=== Task requirements ===
Leave out the pictures and output the data verbatim.

-- Available data follows --

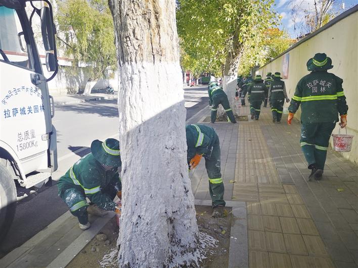 西藏拉薩市區近4萬棵樹木塗白換“冬裝”
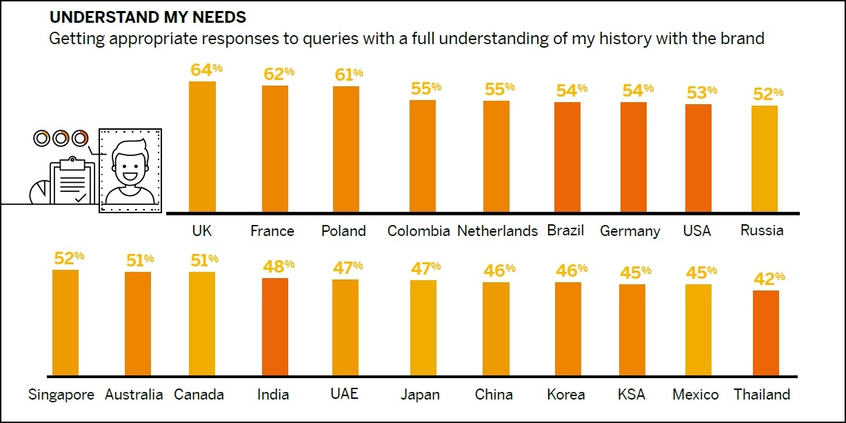 Dzisiejszy konsument oczekuje od marki przede wszystkim zrozumienia potrzeb. Deklaruje to aż 61% polskich klientów, co stawia nas na 3 miejscu – silniejszą potrzebę zrozumienia deklarują jedynie Francuzi (62%) i Brytyjczycy (64%). Istotna jest także personalizacja przekazu, treści i ofert. Dla 61% polskich konsumentów jest to ważny czynnik w kontakcie z marką.
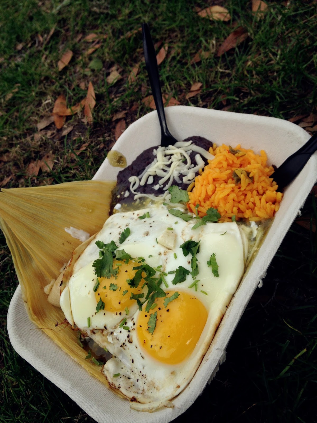 陌生的食物,统统都禁不住给点了; Yellow Corn Pattie with Mozarella Cheese;属于拉丁美洲人的一种小食。 一阵的玉米香扑鼻,还有着一层浓厚的芝士融化在嘴里。吃多了以后,觉得有些腻。 墨西哥餐,也是其中我很喜欢的一道街头小吃。味道形容不来,就因为新奇 而且第一次接触。 整体来说味道还可以接受。 馋嘴的我们在家已经吃过早餐,还是忍不住的想要统统都给本大爷来一份的冲动,咱们说好的不花钱泡汤了。 我们走了一趟农民市场就花了60元美金.....钱包挖空。
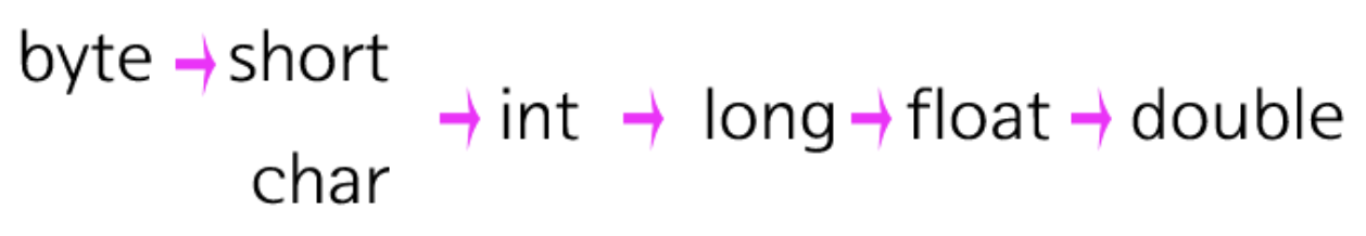 - 암시적 형변환(Implicit Conversion) : 표현범위가 좁은→넓은 데이터타입으로 변환만 허용 (ex. float → double)

-- Available data concluded --

=== Answer space ===
 西藏拉薩市區近4萬棵樹木塗白換“冬裝”
 Dzisiejszy konsument oczekuje od marki przede wszystkim zrozumienia potrzeb. Deklaruje to aż 61% polskich klientów, co stawia nas na 3 miejscu – silniejszą potrzebę zrozumienia deklarują jedynie Francuzi (62%) i Brytyjczycy (64%). Istotna jest także personalizacja przekazu, treści i ofert. Dla 61% polskich konsumentów jest to ważny czynnik w kontakcie z marką.
 陌生的食物,统统都禁不住给点了; Yellow Corn Pattie with Mozarella Cheese;属于拉丁美洲人的一种小食。 一阵的玉米香扑鼻,还有着一层浓厚的芝士融化在嘴里。吃多了以后,觉得有些腻。 墨西哥餐,也是其中我很喜欢的一道街头小吃。味道形容不来,就因为新奇 而且第一次接触。 整体来说味道还可以接受。 馋嘴的我们在家已经吃过早餐,还是忍不住的想要统统都给本大爷来一份的冲动,咱们说好的不花钱泡汤了。 我们走了一趟农民市场就花了60元美金.....钱包挖空。
 - 암시적 형변환(Implicit Conversion) : 표현범위가 좁은→넓은 데이터타입으로 변환만 허용 (ex. float → double)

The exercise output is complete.